WHAT IS EXPECTED – Transcribe exactly the lines from the top of the records below through the line that holds "在资金流向数据这个范畴之内,于本周的时候", both included, with no pictures.

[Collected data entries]
-=-=-

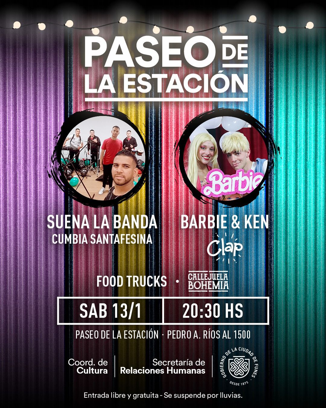 El sábado a las 20.30hs , la jornada comenzará con un espectáculo infantil de "Barbie & Ken" seguido de la música en vivo de “Suena La Banda”, quienes animarán la velada con ritmos de cumbia santafesina.
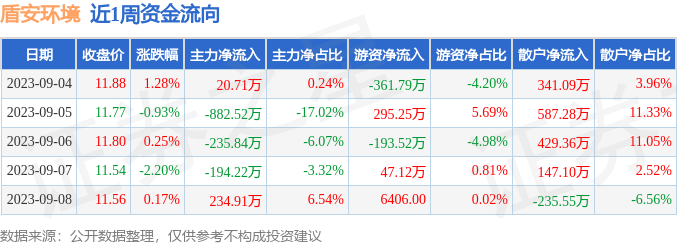 在资金流向数据这个范畴之内,于本周的时候,针对于盾安环境它的主力资金,总计净流出这一情况是1056.97万元,而游资资金总计净流出的额度为212.3万元,至于散户资金总计则是净流入了1269.27万元。本周其资金走向的整体情况展示可见下面这个表格:
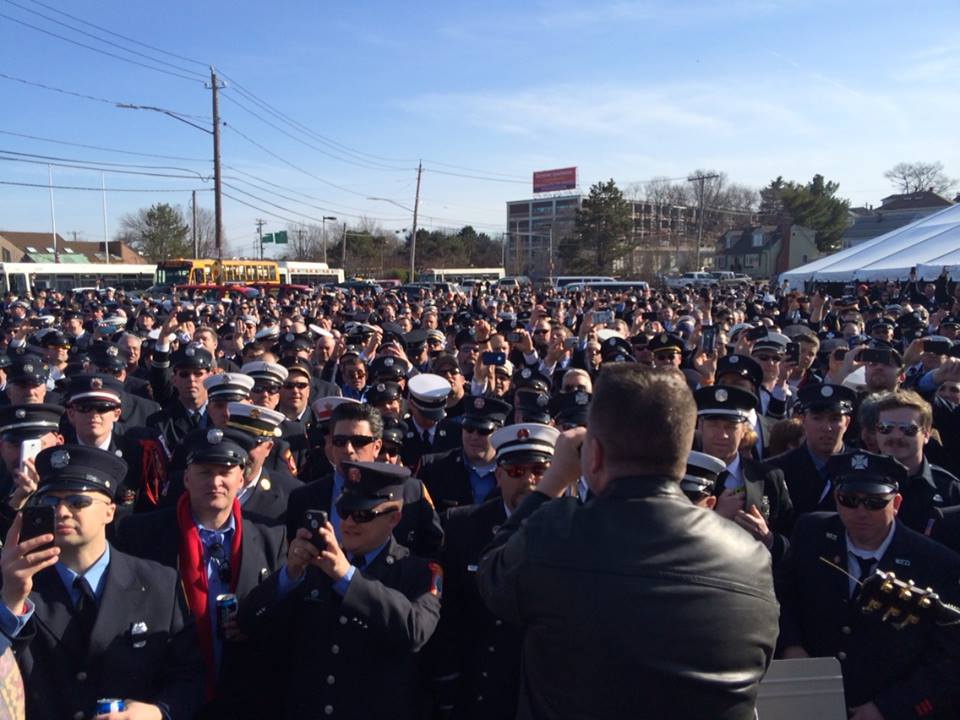Today myself and about 60 other members of my department went to Boston to pay our final respects to Firefighter Micheal Kennedy. What an amazing job the Boston fire Dept did putting together a perfect tribute to a well respected firefighter. After the ceremony they extended the day over at Florian Hall (Local 718 union hall). When we arrived at the hall the Drop Kick Murphy's were all set up and ready to play. It was a cool tribute to Micheal.
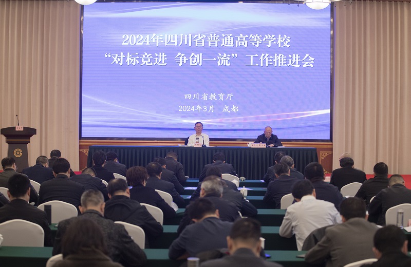 3月18日,2024年四川省普通高等学校“对标竞进、争创一流”工作推进会在成都召开。会议系统梳理总结“对标竞进、争创一流”工作开展以来的经验成绩,分析形势问题,部署相关工作,强调要认真学习贯彻习近平总书记关于教育的重要论述和对四川工作系列重要指示精神,落实省委、省政府关于高等教育的决策部署和2024年四川省教育工作会会议精神,持续开展好“对标竞进、争创一流”工作,奋力推动我省高等教育内涵式高质量发展。省委教育工委副书记,教育厅党组成员陈朝先出席会议并讲话,教育厅一级巡视员戴作安主持会议。
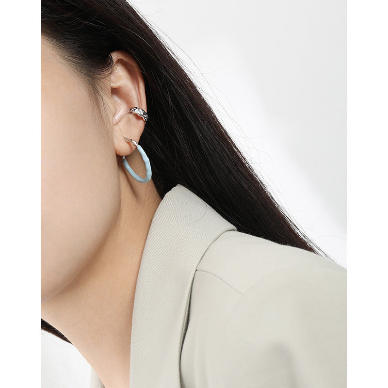 RHE1301 925 Sterling Silver Irregular Enamel Hoop Earrings
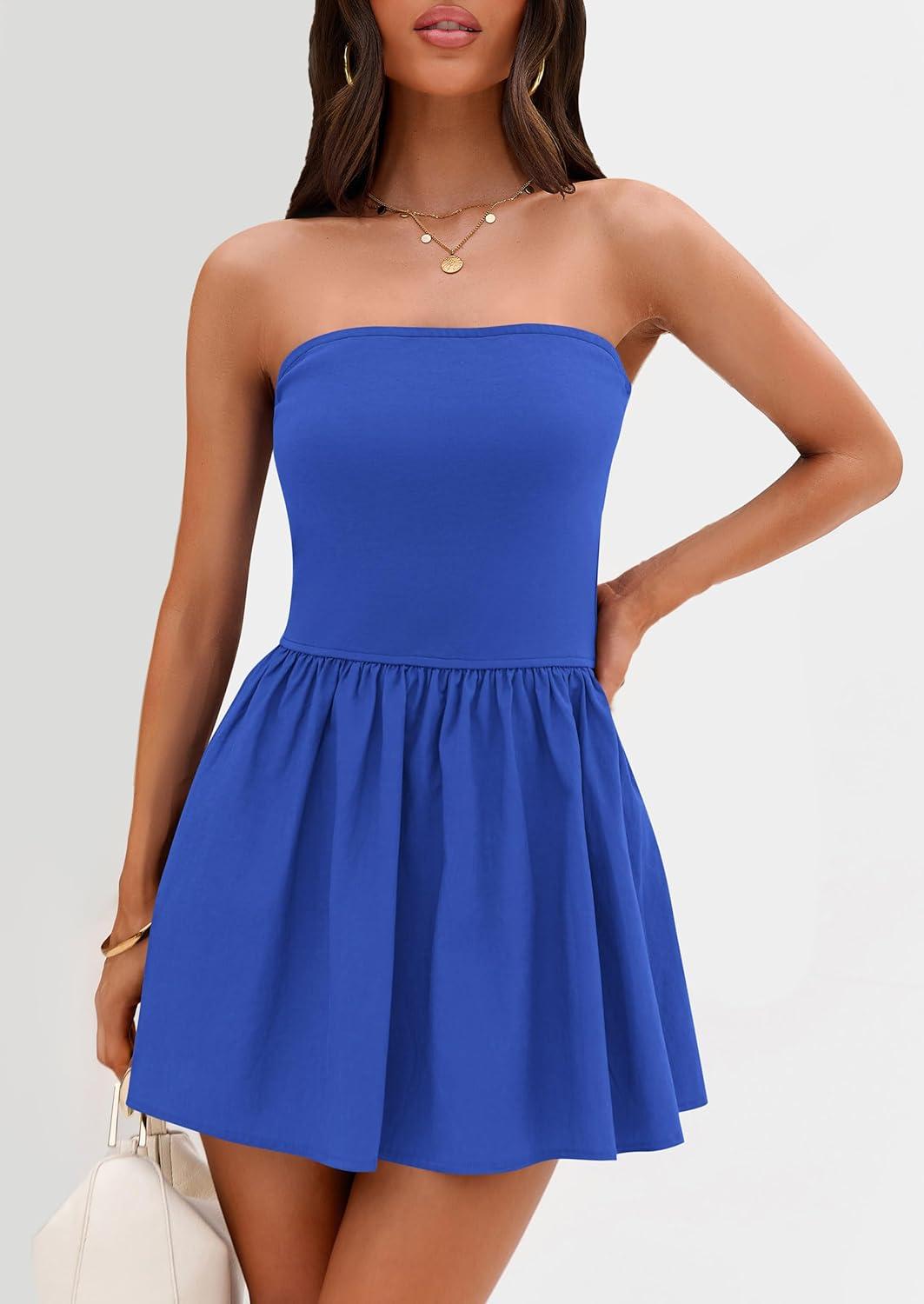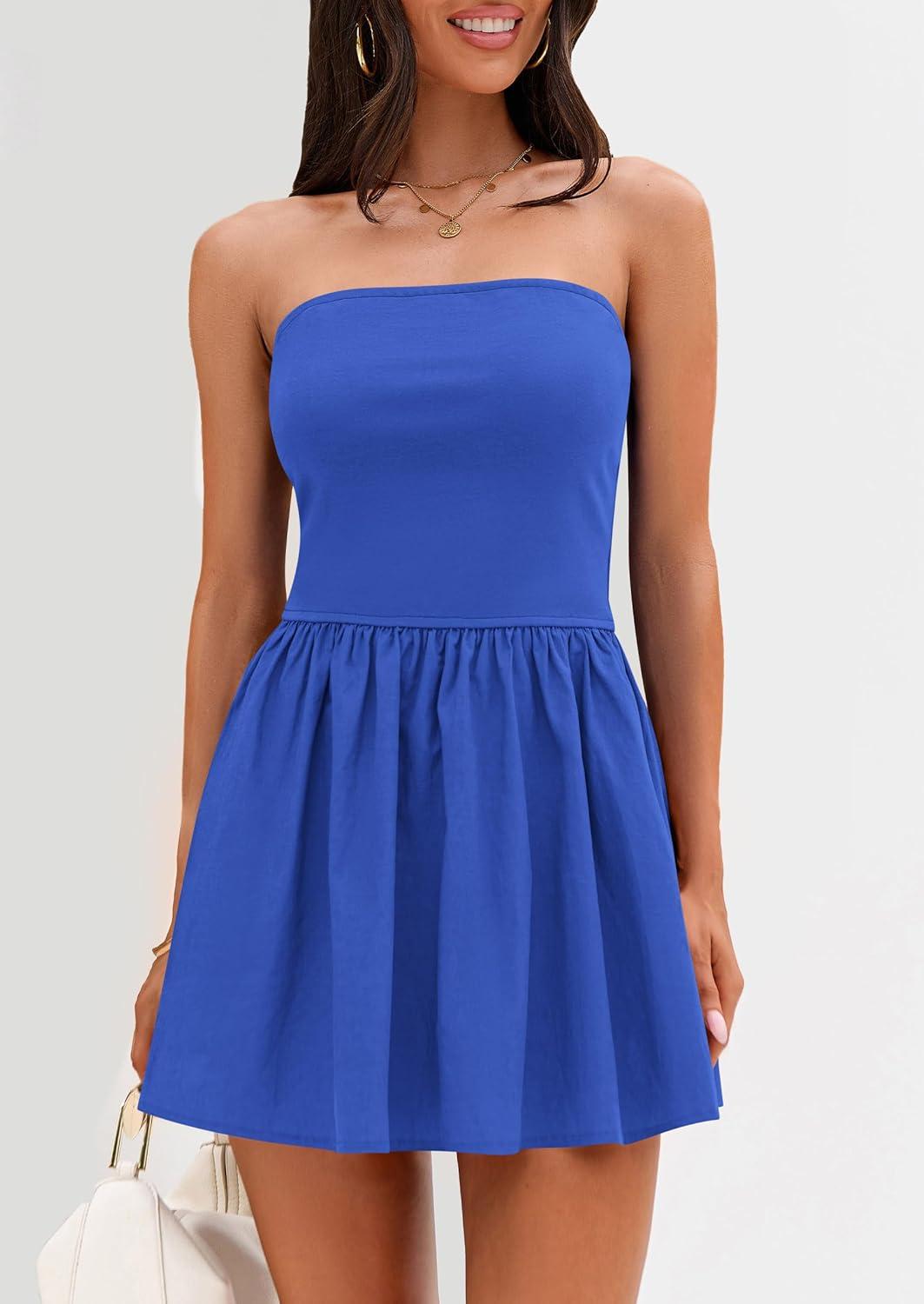PRETTYGARDEN Women's Summer Strapless Mini Party Dress 2025 Casual Tube Top Ruffle A Line Short Patchwork Sundresses(Royal Blue)

-=-=-

RESPONSE TO THIS EXERCISE –
 El sábado a las 20.30hs , la jornada comenzará con un espectáculo infantil de "Barbie & Ken" seguido de la música en vivo de “Suena La Banda”, quienes animarán la velada con ritmos de cumbia santafesina.
 在资金流向数据这个范畴之内,于本周的时候,针对于盾安环境它的主力资金,总计净流出这一情况是1056.97万元,而游资资金总计净流出的额度为212.3万元,至于散户资金总计则是净流入了1269.27万元。本周其资金走向的整体情况展示可见下面这个表格:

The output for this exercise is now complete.